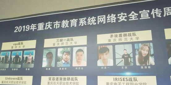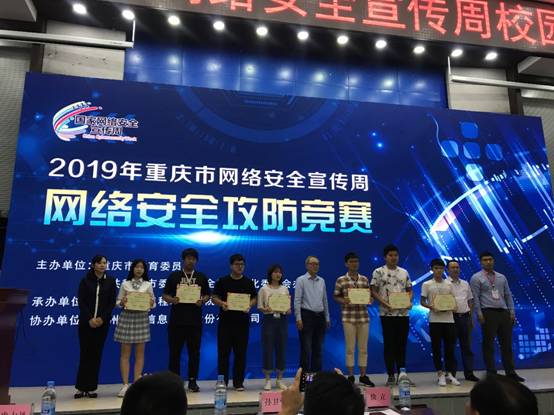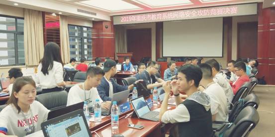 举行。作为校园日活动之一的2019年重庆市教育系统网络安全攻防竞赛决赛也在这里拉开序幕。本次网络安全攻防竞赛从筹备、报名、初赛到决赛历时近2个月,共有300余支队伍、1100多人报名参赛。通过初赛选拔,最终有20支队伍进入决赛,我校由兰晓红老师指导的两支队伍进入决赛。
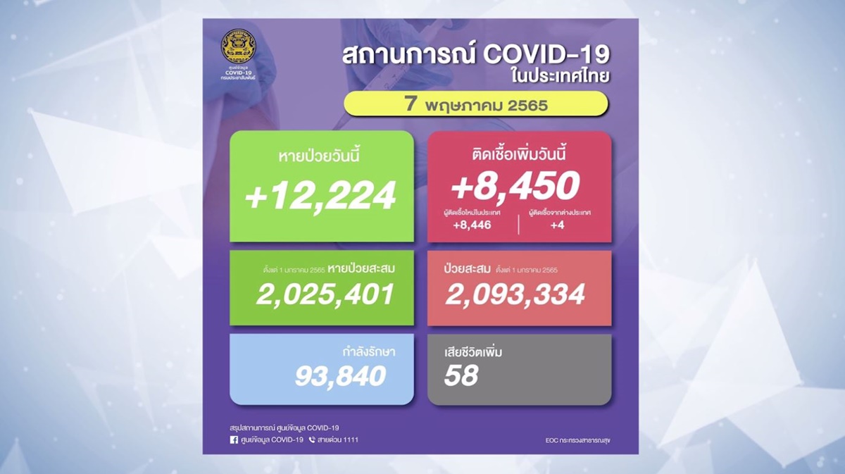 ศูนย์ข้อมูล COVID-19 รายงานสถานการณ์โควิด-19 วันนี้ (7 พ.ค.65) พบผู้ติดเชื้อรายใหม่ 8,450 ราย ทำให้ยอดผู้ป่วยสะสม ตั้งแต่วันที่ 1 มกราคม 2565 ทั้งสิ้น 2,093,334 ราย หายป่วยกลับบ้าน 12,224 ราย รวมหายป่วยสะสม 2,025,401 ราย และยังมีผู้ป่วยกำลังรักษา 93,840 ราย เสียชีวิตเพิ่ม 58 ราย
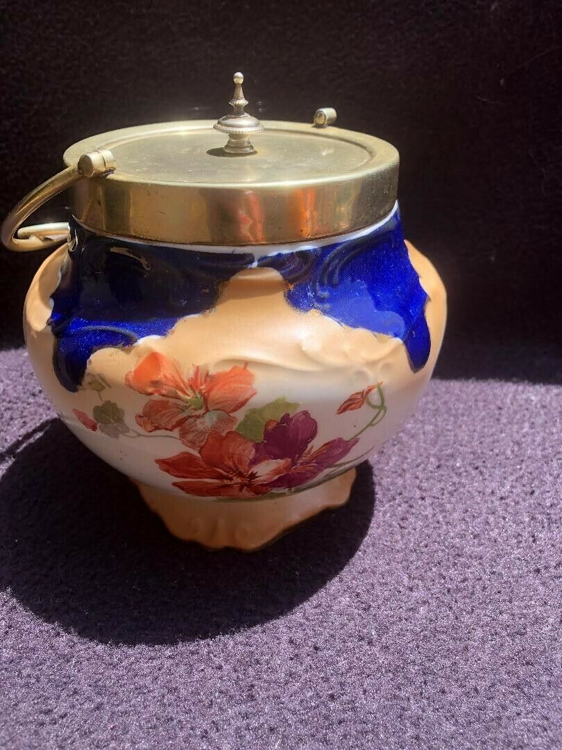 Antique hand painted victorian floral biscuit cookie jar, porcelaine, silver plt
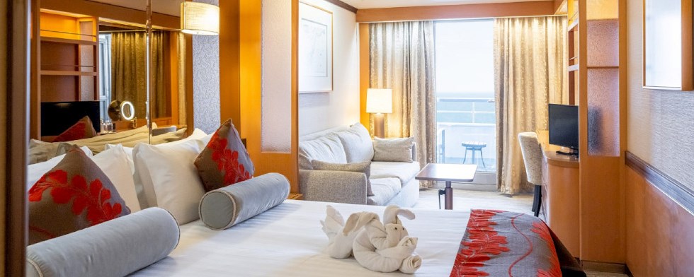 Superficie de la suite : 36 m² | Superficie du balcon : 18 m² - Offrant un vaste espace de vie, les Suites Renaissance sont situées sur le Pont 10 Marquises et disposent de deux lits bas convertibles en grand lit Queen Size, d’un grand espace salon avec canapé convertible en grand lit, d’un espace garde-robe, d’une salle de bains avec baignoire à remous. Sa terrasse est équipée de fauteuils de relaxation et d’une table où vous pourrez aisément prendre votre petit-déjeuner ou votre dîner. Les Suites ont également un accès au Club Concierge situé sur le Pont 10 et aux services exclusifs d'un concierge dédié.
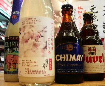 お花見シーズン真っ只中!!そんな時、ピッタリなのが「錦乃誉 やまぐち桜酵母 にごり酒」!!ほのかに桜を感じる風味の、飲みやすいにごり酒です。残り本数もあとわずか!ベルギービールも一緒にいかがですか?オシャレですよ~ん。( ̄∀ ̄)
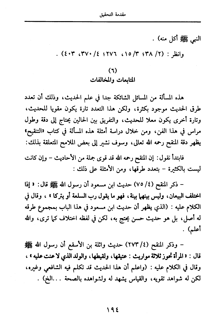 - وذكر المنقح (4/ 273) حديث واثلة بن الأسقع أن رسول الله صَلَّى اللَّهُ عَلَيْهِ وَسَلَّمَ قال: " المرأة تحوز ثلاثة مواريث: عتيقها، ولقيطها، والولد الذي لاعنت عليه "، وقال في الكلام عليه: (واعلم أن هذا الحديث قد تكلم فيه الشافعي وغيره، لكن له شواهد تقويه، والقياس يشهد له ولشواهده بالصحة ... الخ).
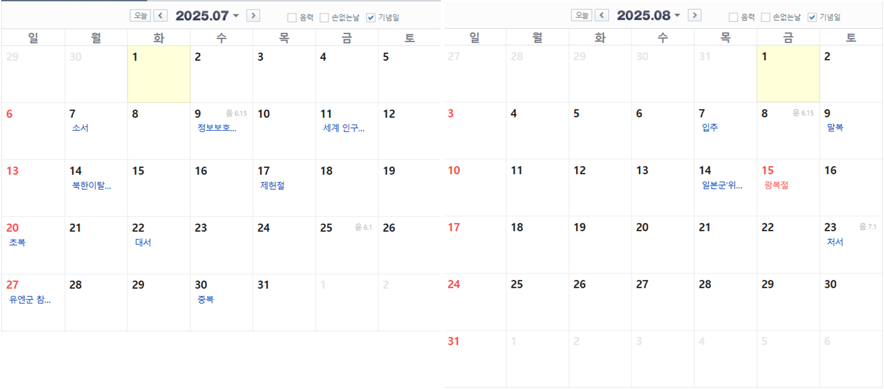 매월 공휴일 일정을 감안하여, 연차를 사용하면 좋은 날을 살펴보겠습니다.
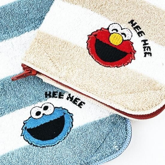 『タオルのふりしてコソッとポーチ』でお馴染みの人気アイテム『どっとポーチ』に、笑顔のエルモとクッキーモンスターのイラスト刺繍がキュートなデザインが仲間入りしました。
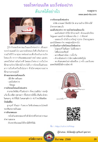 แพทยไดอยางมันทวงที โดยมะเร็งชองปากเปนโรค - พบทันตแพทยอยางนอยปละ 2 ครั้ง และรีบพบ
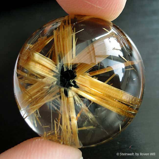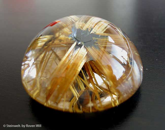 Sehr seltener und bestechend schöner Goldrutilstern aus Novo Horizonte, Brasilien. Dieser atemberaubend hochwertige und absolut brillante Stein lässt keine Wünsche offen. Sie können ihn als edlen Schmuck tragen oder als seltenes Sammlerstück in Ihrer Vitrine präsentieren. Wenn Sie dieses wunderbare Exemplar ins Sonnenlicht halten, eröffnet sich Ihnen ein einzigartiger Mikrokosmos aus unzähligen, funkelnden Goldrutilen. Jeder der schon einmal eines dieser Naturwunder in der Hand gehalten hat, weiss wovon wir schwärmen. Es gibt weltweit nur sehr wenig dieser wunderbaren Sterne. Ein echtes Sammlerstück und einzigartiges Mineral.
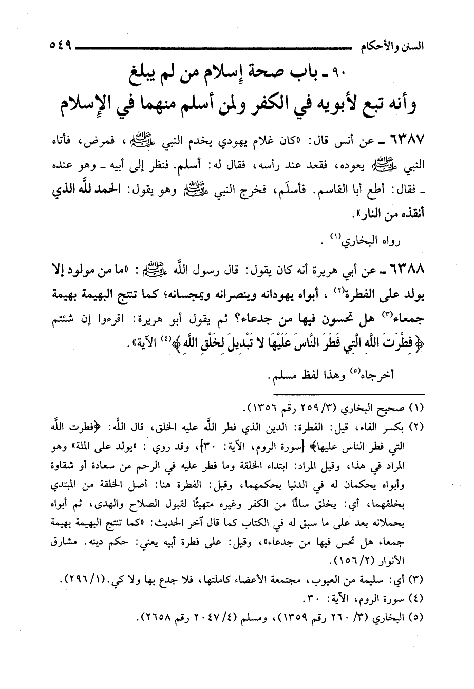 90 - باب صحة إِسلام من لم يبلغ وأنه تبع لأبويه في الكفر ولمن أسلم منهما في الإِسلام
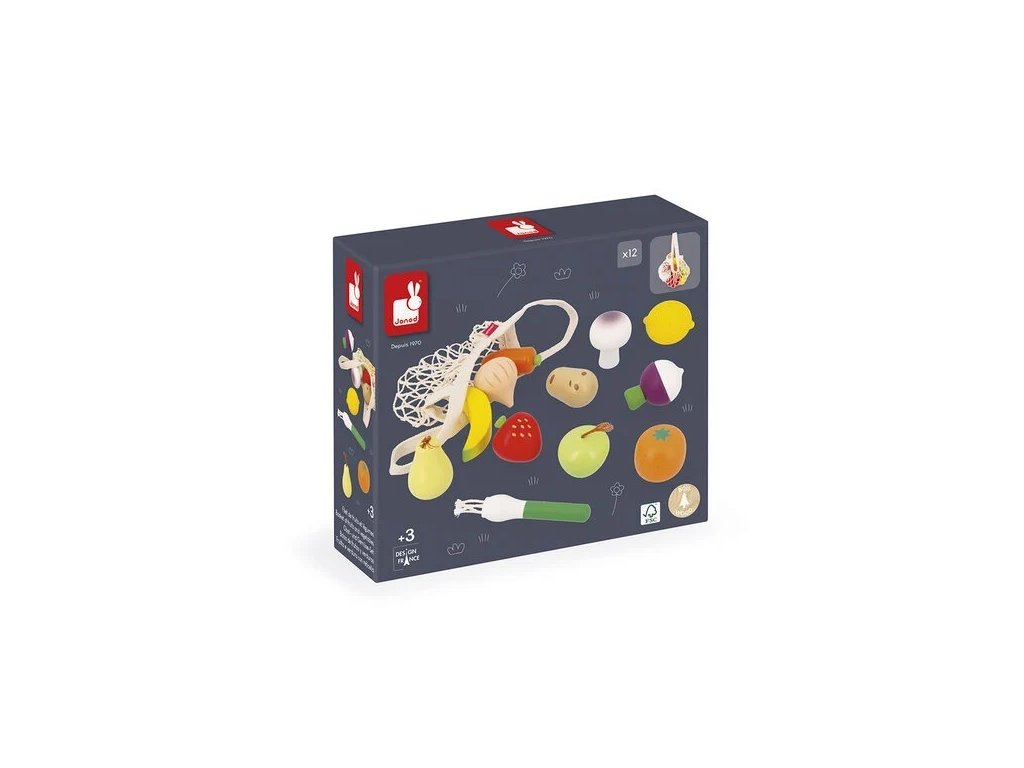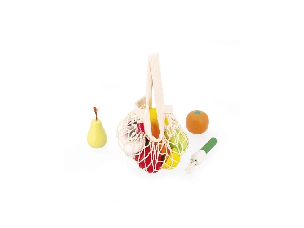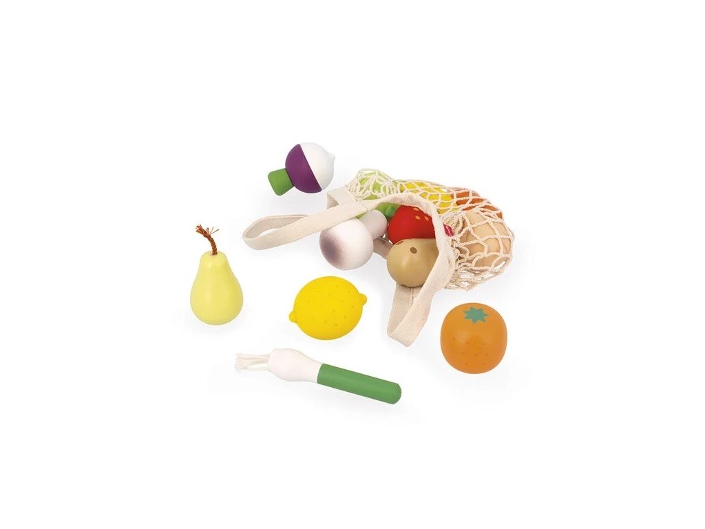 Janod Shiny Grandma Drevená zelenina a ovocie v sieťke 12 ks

### Task to carry out
No picture belongs in the copy; return the rest of the listing exactly.

### Solution for this exercise
 举行。作为校园日活动之一的2019年重庆市教育系统网络安全攻防竞赛决赛也在这里拉开序幕。本次网络安全攻防竞赛从筹备、报名、初赛到决赛历时近2个月,共有300余支队伍、1100多人报名参赛。通过初赛选拔,最终有20支队伍进入决赛,我校由兰晓红老师指导的两支队伍进入决赛。
 ศูนย์ข้อมูล COVID-19 รายงานสถานการณ์โควิด-19 วันนี้ (7 พ.ค.65) พบผู้ติดเชื้อรายใหม่ 8,450 ราย ทำให้ยอดผู้ป่วยสะสม ตั้งแต่วันที่ 1 มกราคม 2565 ทั้งสิ้น 2,093,334 ราย หายป่วยกลับบ้าน 12,224 ราย รวมหายป่วยสะสม 2,025,401 ราย และยังมีผู้ป่วยกำลังรักษา 93,840 ราย เสียชีวิตเพิ่ม 58 ราย
 Antique hand painted victorian floral biscuit cookie jar, porcelaine, silver plt
 Superficie de la suite : 36 m² | Superficie du balcon : 18 m² - Offrant un vaste espace de vie, les Suites Renaissance sont situées sur le Pont 10 Marquises et disposent de deux lits bas convertibles en grand lit Queen Size, d’un grand espace salon avec canapé convertible en grand lit, d’un espace garde-robe, d’une salle de bains avec baignoire à remous. Sa terrasse est équipée de fauteuils de relaxation et d’une table où vous pourrez aisément prendre votre petit-déjeuner ou votre dîner. Les Suites ont également un accès au Club Concierge situé sur le Pont 10 et aux services exclusifs d'un concierge dédié.
 お花見シーズン真っ只中!!そんな時、ピッタリなのが「錦乃誉 やまぐち桜酵母 にごり酒」!!ほのかに桜を感じる風味の、飲みやすいにごり酒です。残り本数もあとわずか!ベルギービールも一緒にいかがですか?オシャレですよ~ん。( ̄∀ ̄)
 - وذكر المنقح (4/ 273) حديث واثلة بن الأسقع أن رسول الله صَلَّى اللَّهُ عَلَيْهِ وَسَلَّمَ قال: " المرأة تحوز ثلاثة مواريث: عتيقها، ولقيطها، والولد الذي لاعنت عليه "، وقال في الكلام عليه: (واعلم أن هذا الحديث قد تكلم فيه الشافعي وغيره، لكن له شواهد تقويه، والقياس يشهد له ولشواهده بالصحة ... الخ).
 매월 공휴일 일정을 감안하여, 연차를 사용하면 좋은 날을 살펴보겠습니다.
 『タオルのふりしてコソッとポーチ』でお馴染みの人気アイテム『どっとポーチ』に、笑顔のエルモとクッキーモンスターのイラスト刺繍がキュートなデザインが仲間入りしました。
 แพทยไดอยางมันทวงที โดยมะเร็งชองปากเปนโรค - พบทันตแพทยอยางนอยปละ 2 ครั้ง และรีบพบ
 Sehr seltener und bestechend schöner Goldrutilstern aus Novo Horizonte, Brasilien. Dieser atemberaubend hochwertige und absolut brillante Stein lässt keine Wünsche offen. Sie können ihn als edlen Schmuck tragen oder als seltenes Sammlerstück in Ihrer Vitrine präsentieren. Wenn Sie dieses wunderbare Exemplar ins Sonnenlicht halten, eröffnet sich Ihnen ein einzigartiger Mikrokosmos aus unzähligen, funkelnden Goldrutilen. Jeder der schon einmal eines dieser Naturwunder in der Hand gehalten hat, weiss wovon wir schwärmen. Es gibt weltweit nur sehr wenig dieser wunderbaren Sterne. Ein echtes Sammlerstück und einzigartiges Mineral.
 90 - باب صحة إِسلام من لم يبلغ وأنه تبع لأبويه في الكفر ولمن أسلم منهما في الإِسلام
 Janod Shiny Grandma Drevená zelenina a ovocie v sieťke 12 ks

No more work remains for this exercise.